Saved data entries

=======

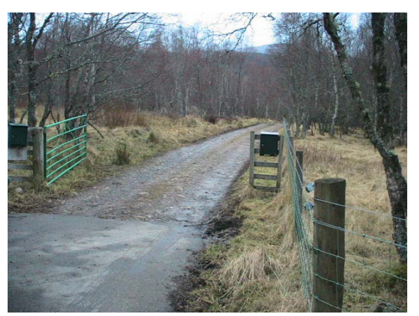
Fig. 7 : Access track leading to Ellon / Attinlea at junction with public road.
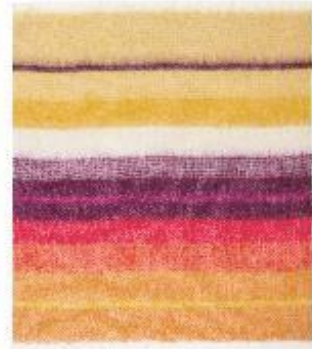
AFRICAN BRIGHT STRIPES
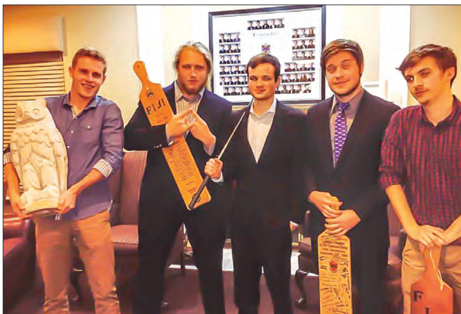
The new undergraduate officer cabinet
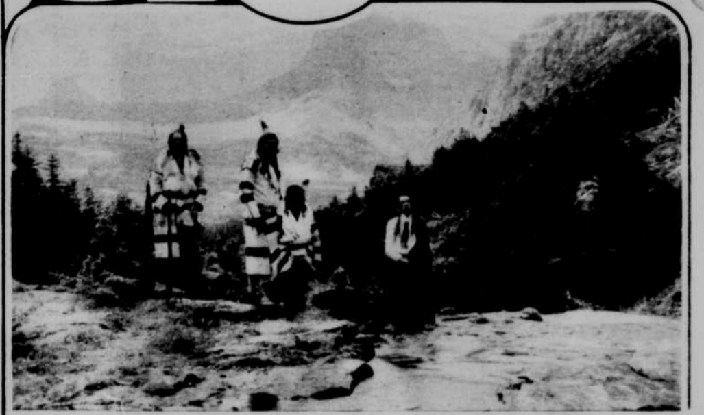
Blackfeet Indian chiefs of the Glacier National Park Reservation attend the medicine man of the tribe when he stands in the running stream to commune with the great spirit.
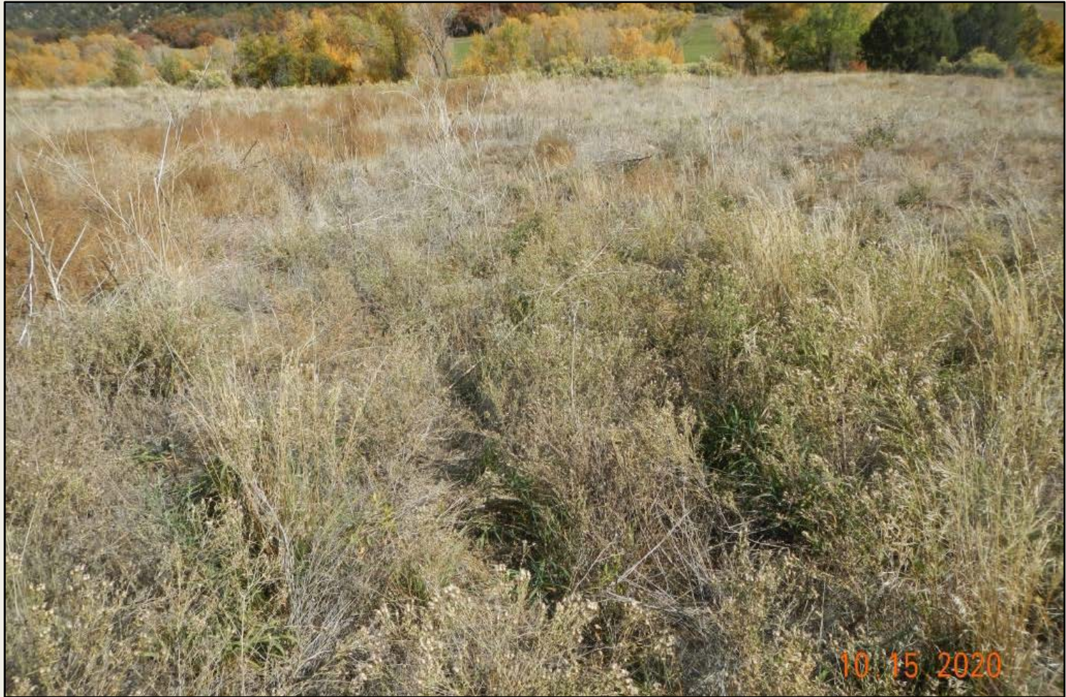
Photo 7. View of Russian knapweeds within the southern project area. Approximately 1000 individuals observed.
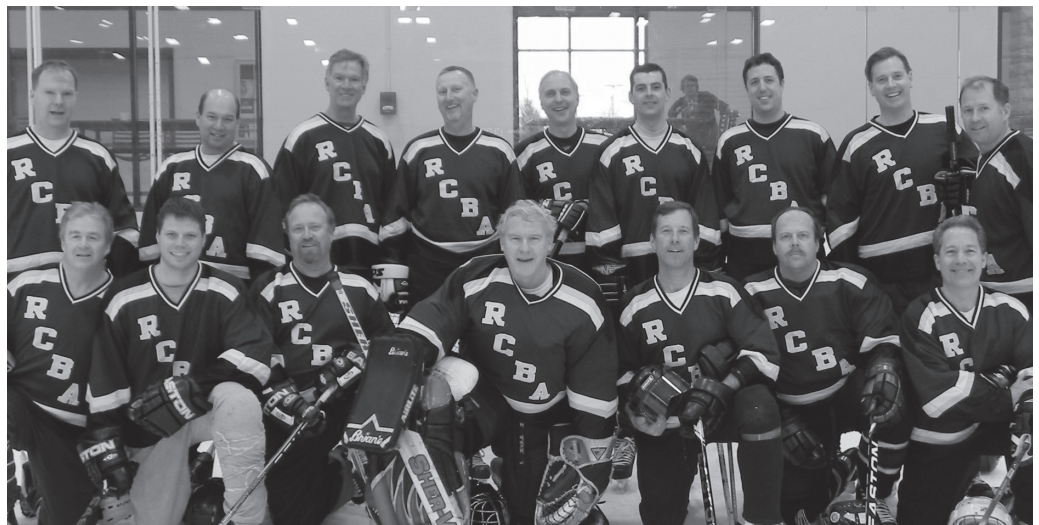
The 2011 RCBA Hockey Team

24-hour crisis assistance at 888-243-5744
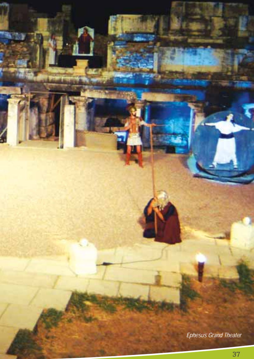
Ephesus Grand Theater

=======

About this task:
Leave out the pictures, and extract exactly the lines from the one with "Blackfeet Indian chiefs" through the end of the records, both ends included.

Task solution:
Blackfeet Indian chiefs of the Glacier National Park Reservation attend the medicine man of the tribe when he stands in the running stream to commune with the great spirit.
Photo 7. View of Russian knapweeds within the southern project area. Approximately 1000 individuals observed.
The 2011 RCBA Hockey Team

24-hour crisis assistance at 888-243-5744
Ephesus Grand Theater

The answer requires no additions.